▸ **RECORDS FOR THE TASK**
Segment Open
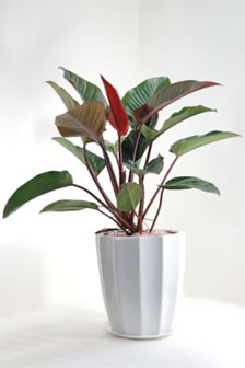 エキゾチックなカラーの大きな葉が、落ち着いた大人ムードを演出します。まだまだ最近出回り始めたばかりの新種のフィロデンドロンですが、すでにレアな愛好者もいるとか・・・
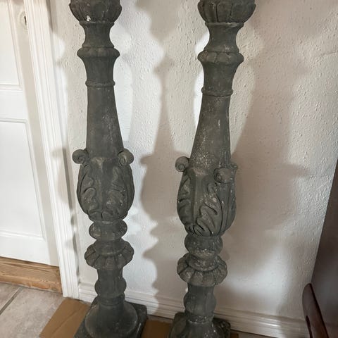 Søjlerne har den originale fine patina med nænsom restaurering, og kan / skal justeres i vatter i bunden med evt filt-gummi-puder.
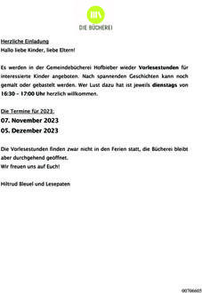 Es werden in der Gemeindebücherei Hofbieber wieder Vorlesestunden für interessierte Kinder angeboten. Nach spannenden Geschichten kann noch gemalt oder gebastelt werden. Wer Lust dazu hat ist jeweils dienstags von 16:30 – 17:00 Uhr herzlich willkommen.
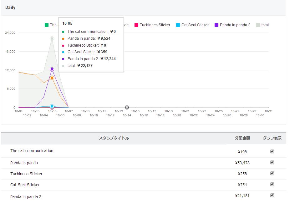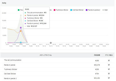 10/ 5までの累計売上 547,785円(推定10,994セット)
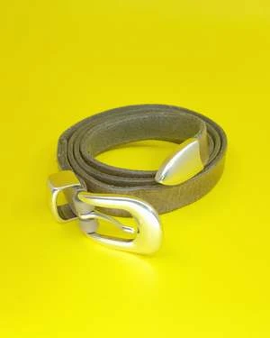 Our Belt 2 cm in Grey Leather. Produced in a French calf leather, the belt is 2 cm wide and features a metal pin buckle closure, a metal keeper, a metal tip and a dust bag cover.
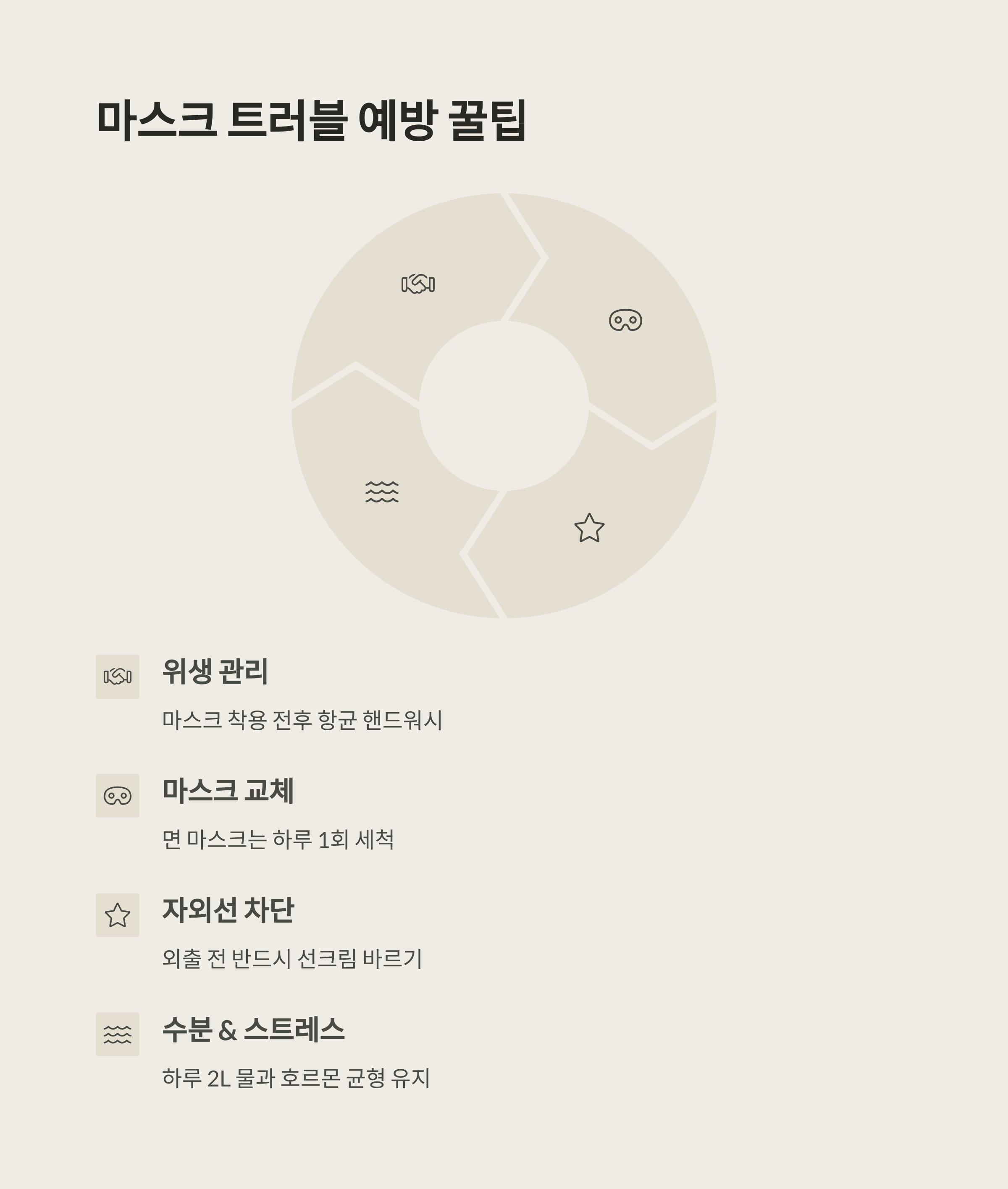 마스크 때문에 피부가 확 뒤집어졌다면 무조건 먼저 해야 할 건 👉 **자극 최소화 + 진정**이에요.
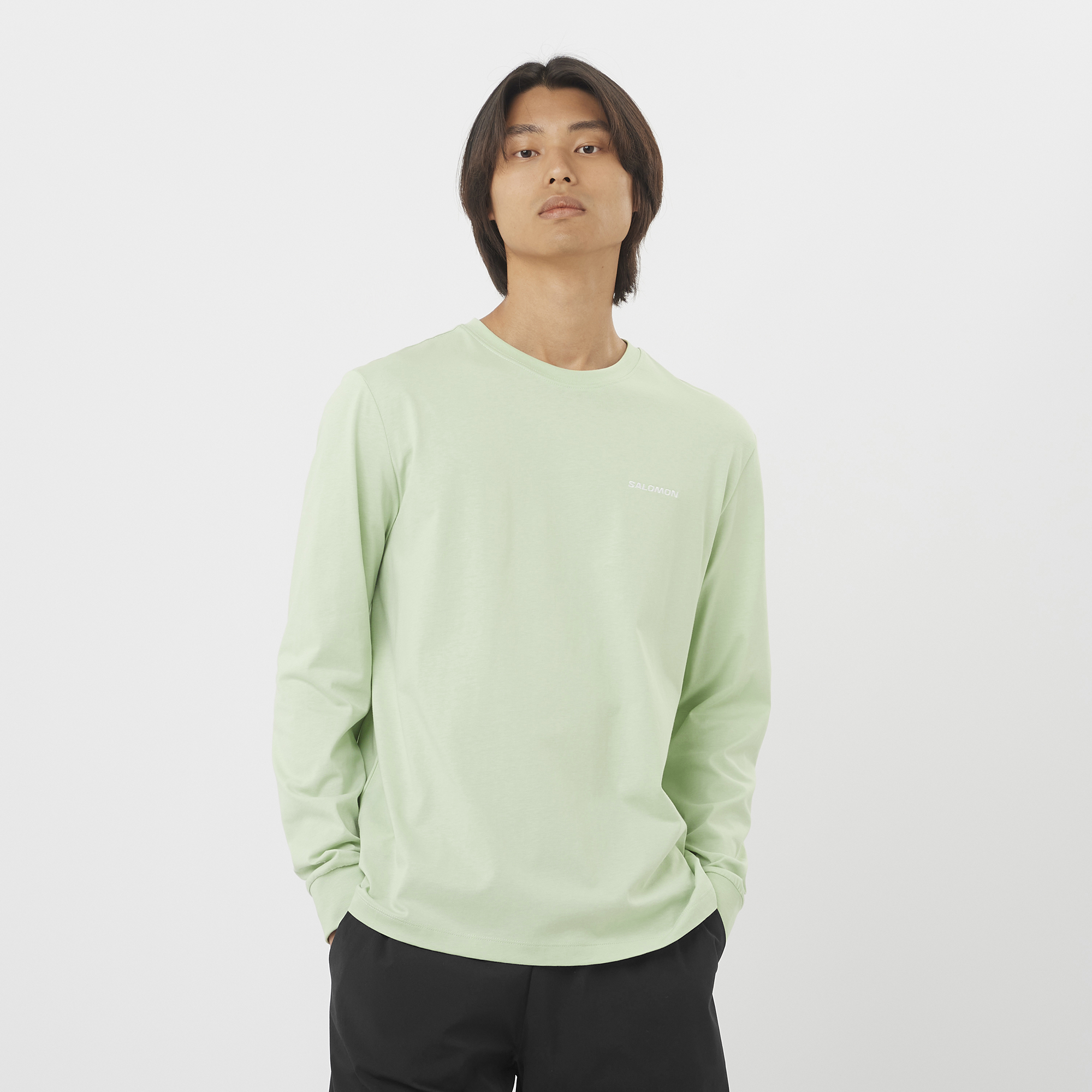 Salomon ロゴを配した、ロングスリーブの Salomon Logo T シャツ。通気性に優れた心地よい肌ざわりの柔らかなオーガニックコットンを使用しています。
Segment Closed
Segment Open
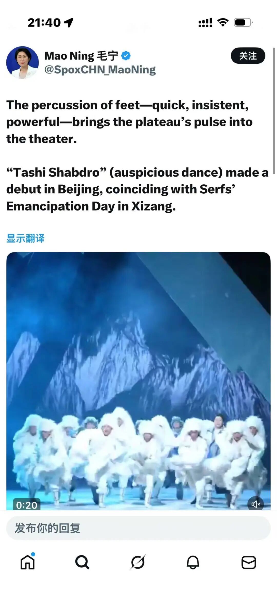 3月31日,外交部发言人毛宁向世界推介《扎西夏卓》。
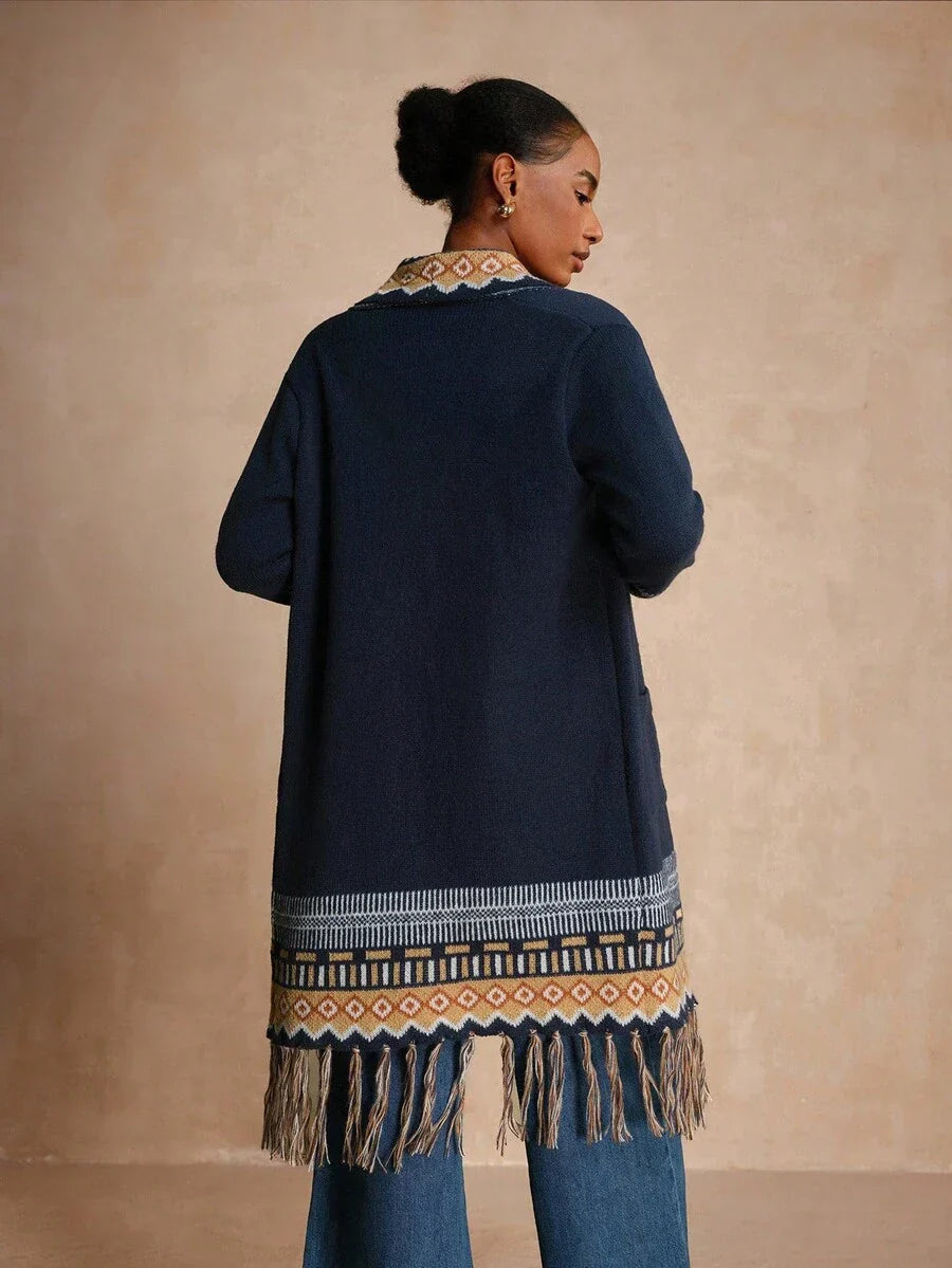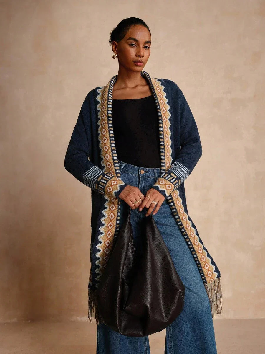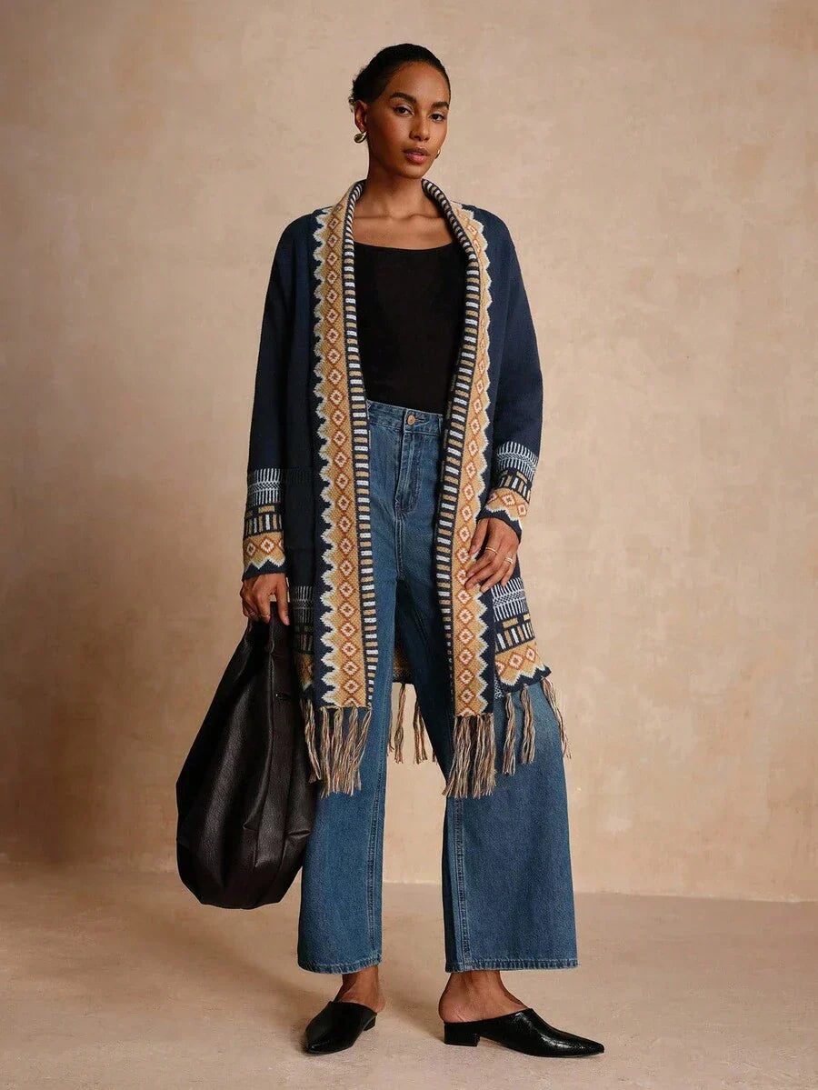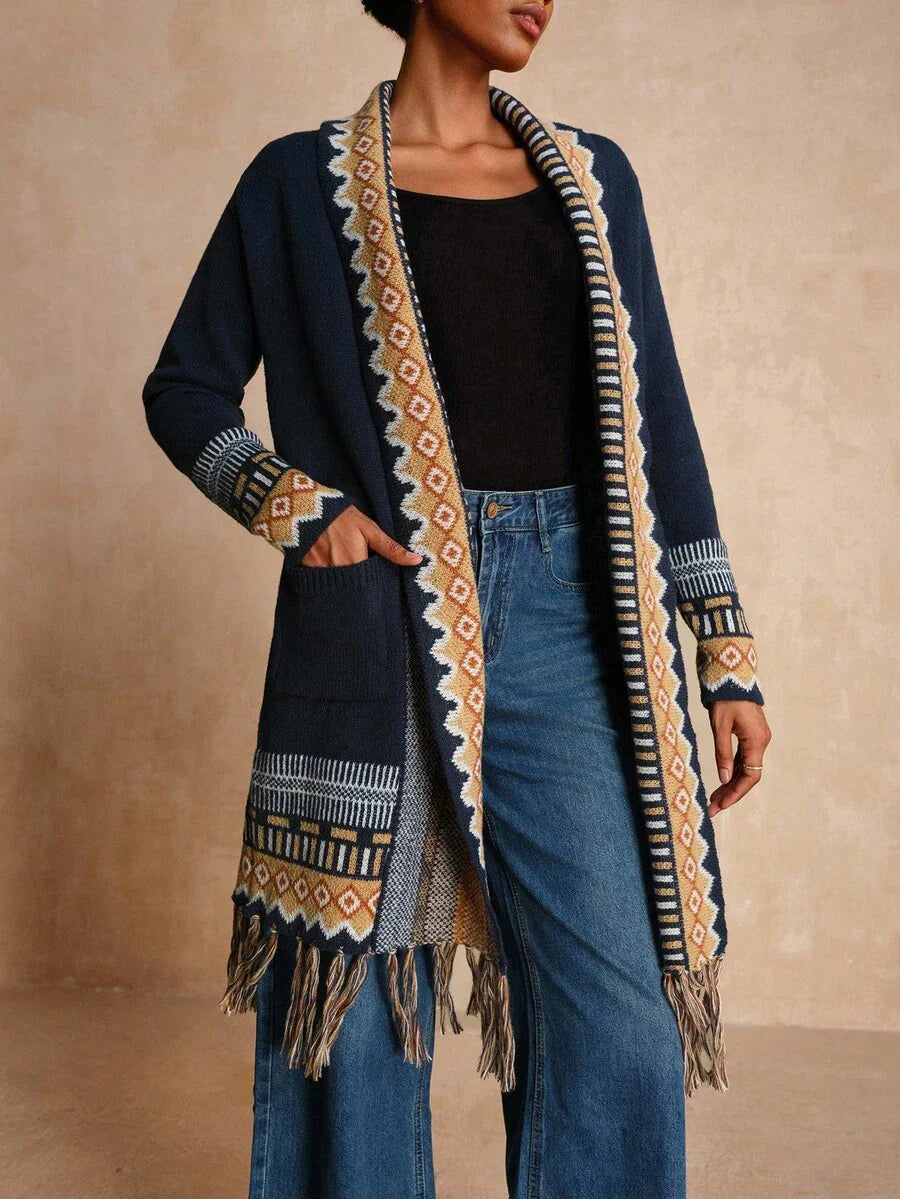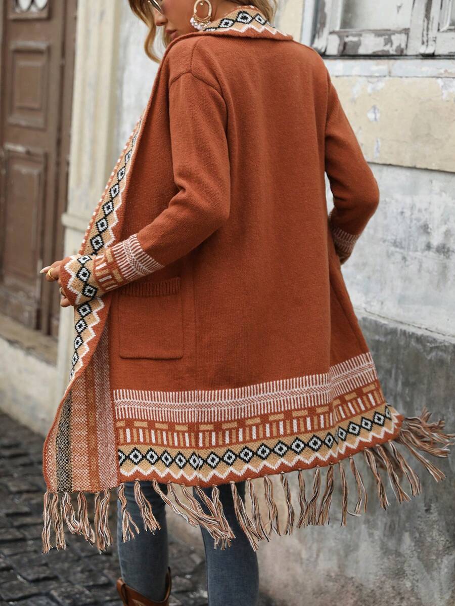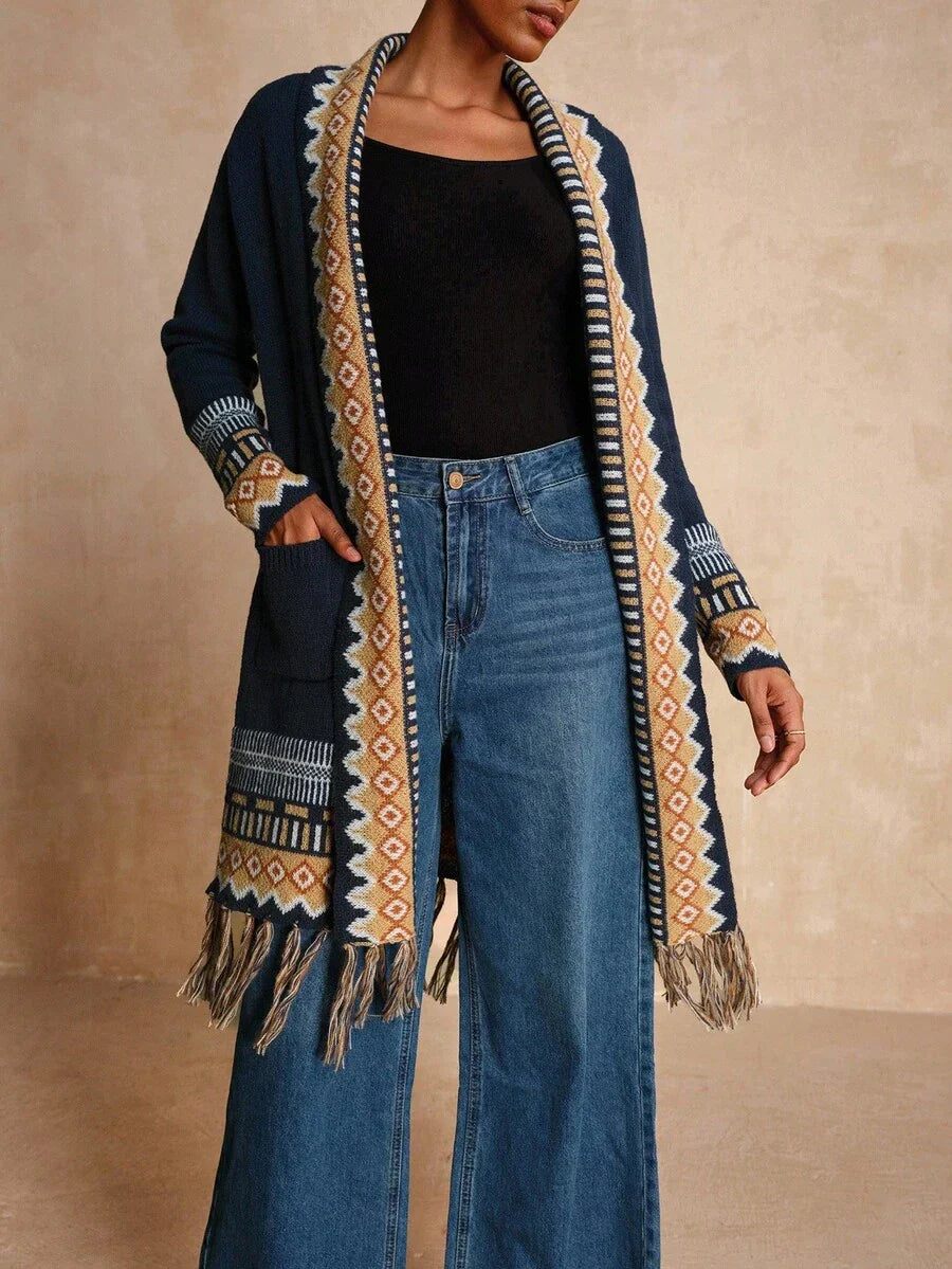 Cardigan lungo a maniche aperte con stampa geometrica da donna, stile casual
Segment Closed
Segment Open
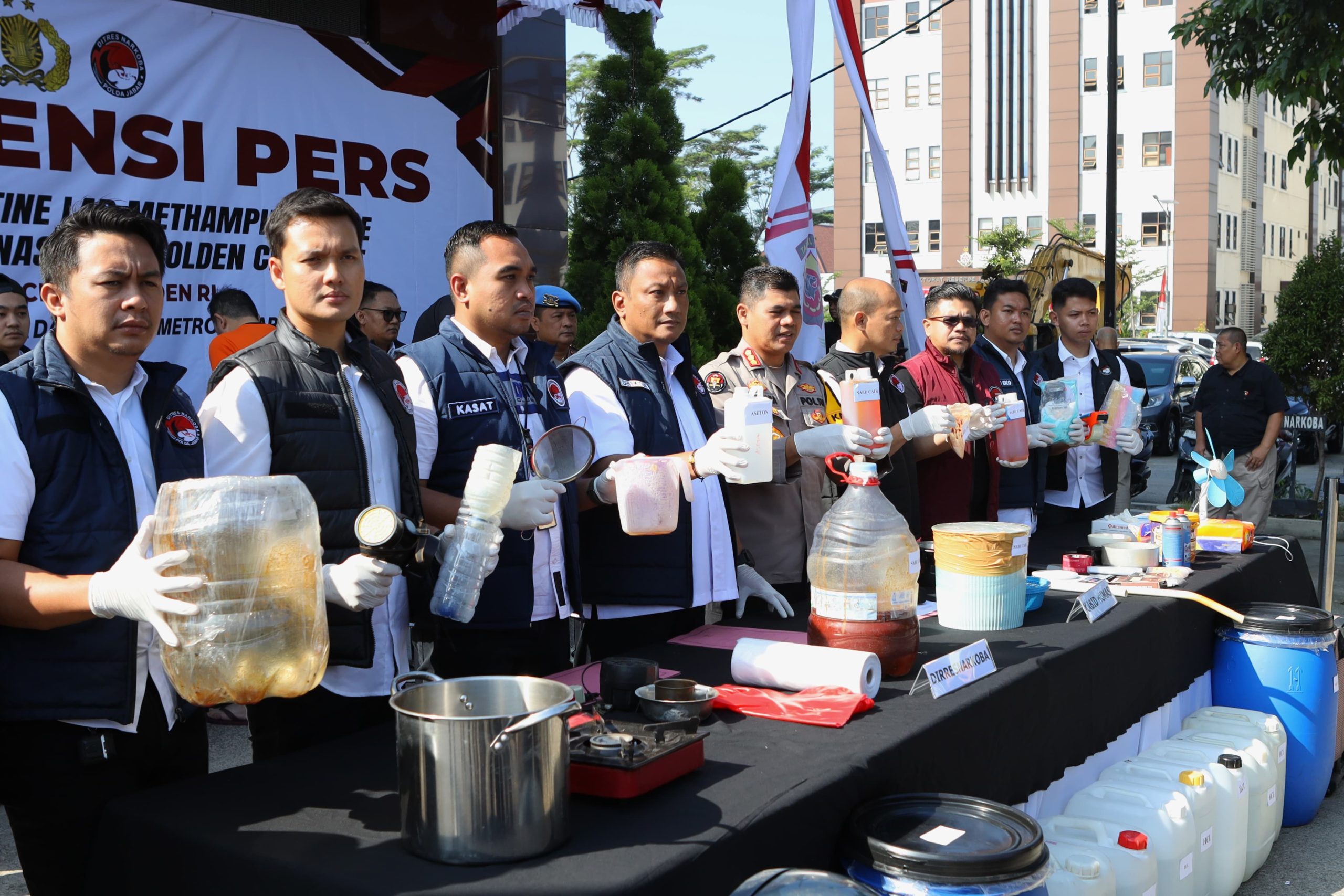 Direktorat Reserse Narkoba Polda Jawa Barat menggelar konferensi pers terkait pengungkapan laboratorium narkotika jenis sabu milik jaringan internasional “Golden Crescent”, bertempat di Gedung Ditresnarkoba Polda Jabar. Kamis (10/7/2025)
Segment Closed
▸ **PROBLEM DESCRIPTION**
Return, exactly as they stand, the lines above from the one with "Søjlerne har den" to the one with "10/ 5までの累計売上 547,785円(推定10,994セット)", omitting any pictures among them.

▸ **ANSWER FOR THE TASK**
 Søjlerne har den originale fine patina med nænsom restaurering, og kan / skal justeres i vatter i bunden med evt filt-gummi-puder.
 Es werden in der Gemeindebücherei Hofbieber wieder Vorlesestunden für interessierte Kinder angeboten. Nach spannenden Geschichten kann noch gemalt oder gebastelt werden. Wer Lust dazu hat ist jeweils dienstags von 16:30 – 17:00 Uhr herzlich willkommen.
 10/ 5までの累計売上 547,785円(推定10,994セット)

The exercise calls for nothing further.